3. What is going to happen?
- Think of a research question you are interested in. Which mode is it aligned with?
### The statistical modeling process in different modes
- How does the modeling goal influence each of the following steps in the statistical modeling process?
- Choice of variables and transformation
- Choice of model (ols regression, neural nets, random forest, etc.)
- Model evaluation
## R Activity: Measuring the return to education
- In labor economics, a key concept is _returns to education_.
- Our goal is description: what is the relationship between education and wages? We will proceed in two steps:
- First, we will discuss what the appropriate specifications are.

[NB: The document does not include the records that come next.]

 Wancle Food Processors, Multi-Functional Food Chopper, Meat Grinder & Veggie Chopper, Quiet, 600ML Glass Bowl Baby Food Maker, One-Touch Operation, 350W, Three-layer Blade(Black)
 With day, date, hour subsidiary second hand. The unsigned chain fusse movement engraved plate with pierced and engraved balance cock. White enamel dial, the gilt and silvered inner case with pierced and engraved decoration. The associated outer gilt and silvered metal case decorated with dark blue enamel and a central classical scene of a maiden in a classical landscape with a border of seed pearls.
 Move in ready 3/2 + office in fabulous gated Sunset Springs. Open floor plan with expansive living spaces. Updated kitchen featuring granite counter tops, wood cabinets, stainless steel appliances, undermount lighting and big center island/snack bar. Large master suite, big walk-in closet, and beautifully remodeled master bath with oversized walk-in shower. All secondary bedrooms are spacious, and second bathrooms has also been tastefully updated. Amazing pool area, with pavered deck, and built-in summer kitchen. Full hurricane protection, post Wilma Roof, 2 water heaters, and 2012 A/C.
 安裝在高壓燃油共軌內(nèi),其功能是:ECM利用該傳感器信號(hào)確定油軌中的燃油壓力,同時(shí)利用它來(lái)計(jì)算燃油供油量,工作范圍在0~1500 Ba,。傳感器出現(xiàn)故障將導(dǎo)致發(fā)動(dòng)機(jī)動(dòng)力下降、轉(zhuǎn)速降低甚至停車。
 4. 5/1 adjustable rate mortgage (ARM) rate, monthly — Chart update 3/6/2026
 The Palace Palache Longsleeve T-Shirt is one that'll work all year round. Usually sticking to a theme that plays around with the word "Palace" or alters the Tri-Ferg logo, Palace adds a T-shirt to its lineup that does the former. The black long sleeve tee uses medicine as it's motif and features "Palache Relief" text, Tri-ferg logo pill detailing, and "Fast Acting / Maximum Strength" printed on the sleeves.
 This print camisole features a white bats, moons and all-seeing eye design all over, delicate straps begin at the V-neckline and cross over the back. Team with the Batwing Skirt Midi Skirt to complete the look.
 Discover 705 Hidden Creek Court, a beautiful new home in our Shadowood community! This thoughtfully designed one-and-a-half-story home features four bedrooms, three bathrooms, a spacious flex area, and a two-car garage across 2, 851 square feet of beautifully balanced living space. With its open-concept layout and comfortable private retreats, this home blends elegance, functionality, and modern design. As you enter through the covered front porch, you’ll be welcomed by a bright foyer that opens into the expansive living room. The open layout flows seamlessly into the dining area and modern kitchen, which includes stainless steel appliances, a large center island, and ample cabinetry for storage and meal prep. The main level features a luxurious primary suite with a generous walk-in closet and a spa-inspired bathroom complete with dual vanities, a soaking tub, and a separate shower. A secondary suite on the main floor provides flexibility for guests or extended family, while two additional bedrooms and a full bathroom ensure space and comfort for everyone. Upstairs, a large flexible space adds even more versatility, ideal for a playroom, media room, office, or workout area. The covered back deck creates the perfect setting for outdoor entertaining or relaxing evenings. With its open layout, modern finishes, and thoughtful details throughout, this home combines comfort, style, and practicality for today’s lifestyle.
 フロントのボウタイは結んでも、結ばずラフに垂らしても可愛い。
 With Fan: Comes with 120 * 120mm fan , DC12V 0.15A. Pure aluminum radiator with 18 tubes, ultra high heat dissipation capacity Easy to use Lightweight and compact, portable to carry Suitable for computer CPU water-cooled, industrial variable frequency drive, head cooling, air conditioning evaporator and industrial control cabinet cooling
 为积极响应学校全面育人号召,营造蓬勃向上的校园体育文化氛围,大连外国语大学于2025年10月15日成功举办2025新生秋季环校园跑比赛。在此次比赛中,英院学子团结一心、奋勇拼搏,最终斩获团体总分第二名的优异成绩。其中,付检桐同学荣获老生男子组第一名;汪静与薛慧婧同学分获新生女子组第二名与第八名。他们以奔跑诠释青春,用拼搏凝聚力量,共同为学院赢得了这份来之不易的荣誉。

- Then we will estimate the different models to answer this question.
- We will use wage1 dataset in the wooldridge package in the following sections.
```{r}
wage1 <- wooldridge::wage1
#names(wage1)
wage1 %>%
ggplot() +
aes(x=wage) +
geom_histogram()
```
### Transformations
#### Applying and Interpreting Logarithms
- Which of the following specifications best capture the relationship between education and hourly wage? (Hint: Do a quick a EDA)
- level-level: $wage = \beta_0 + \beta_1 educ + u$
- Level-log: $wage = \beta_0 + \beta_1 \ln(educ) + u$
- log-level: $\ln(wage) = \beta_0 + \beta_1 educ + u$
- log-log: $\ln(wage) = \beta_0 + \beta_1 \ln(educ) + u$
- What is the interpretation of $\beta_0$ and $\beta_1$ in your selected specification?
- Can we use $R^2$ or Adjusted $R^2$ to choose between level-level or log-level specifications?
**Remember**
- **Doing a log transformation for any reason essentially implies a fundamentally different relationship between outcome (Y) and predictor (X) that we need to capture**
#### Applying and Interpreting Polynomials
- The following specifications include two control variables: years of experience (exper) and years at current company (tenure).
- Do a quick EDA and select the specification that better suits our description goal.
- $wage = \beta_0 + \beta_1 educ + \beta_2 exper + \beta_3 tenure + u$
- $\begin{aligned}
wage &= \beta_0 + \beta_1 educ + \beta_2 exper + \beta_3 exper^2 + \\
& \beta_4 tenure + \beta_5 tenure^2 + u
\end{aligned}$
- How do you interpret the $\beta$ coefficients?
#### Applying and Interpreting Indicator variables and interaction terms
- In the following models, first, explain why the indicator variables or interaction terms have been included. Then identify the reference group (if any) and interpret all coefficients.
- $wage = \beta_0 + \beta_1 educ + \beta_2 I(educ \geq 12) + u$
- $wage = \beta_0 + \beta_1 educ + \beta_2 female + u$
- $wage = \beta_0 + \beta_1 educ + \beta_2 female + \beta_3 educ*female + u$
- $\begin{aligned}
wage &= \beta_0 + \beta_1 female + \beta_2 I(educ = 2) + \beta_3 I(educ = 3)\\
&...+ \beta_{20} I(educ = 20) + u\\
\end{aligned}$
### Estimation
**Estimating Returns to Education**
- Answer the following questions using an appropriate hypothesis test.
1. Is a year of education associated with changes to hourly wage? (Include experience and tenure without polynomial terms).
2. Is the association between wage and experience / wage and tenure non-linear?
3. Is there evidence for gender wage discrimination in the U.S.?
4. Is there any evidence for a graduation effect on wage?
- Display all estimated models in a regression table, and discuss the robustness of your results.